BACKGROUND: ELISAs with fixed endothelial cells or cell lines are widely used screening tests for anti-endothelial cell antibodies (AECAs), but spurious increases occur. We examined interferences by heteroantibodies and means to eliminate them. METHODS: AECAs were measured by ELISA on fixed layers of the human endothelial cell line, EA.hy 926, in a panel of 60 patient serum samples diluted in bovine serum albumin. Heteroantibodies against fetal calf serum (FCS) proteins were demonstrated and characterized in an ELISA-the interference assay-that used FCS-coated plates and Tween 20-containing buffer as blocking agent and sample diluent, as well as by immunoblotting. RESULTS: In 12 of 60 patient serum samples, spurious increases of AECA titers were produced by endogenous antibodies reacting with FCS proteins from culture medium that were coated onto the solid-phase at the time of cell plating. This mechanism of interference was supported experimentally by exposing extracellular matrix, varying cell density, and incubating wells with FCS alone. The heterophile antibodies were mainly IgG and IgA, and in inhibition experiments, they recognized serum proteins from goat, sheep, and horse.

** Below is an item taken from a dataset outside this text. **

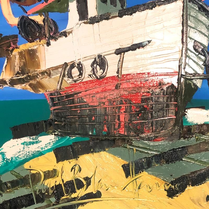 "High and Dry" is an original oil painting on stretched canvas by Paul Blaine Henrie (1932-1999). The piece is hand signed by the artist and comes with a letter of authenticity. Please note that due to the age of this piece and the way it was stored, there are minor sings of wear, particularly on the corners and edges. Measures approximately. 30" x 40" (image).

Washing cells free of FCS before plating, or adding FCS (100 mL/L) to the patient sample diluent eliminated spurious signals from all 30 tested sera, but the latter method had practical advantages. CONCLUSIONS: Antibodies against animal serum proteins are a frequent cause of erroneous results in cyto-ELISAs. The interference can be eliminated by simple antibody absorption in FCS-containing dilution buffer.
医師のための臨床サポートサービス
ヒポクラ x マイナビのご紹介
無料会員登録していただくと、さらに便利で効率的な検索が可能になります。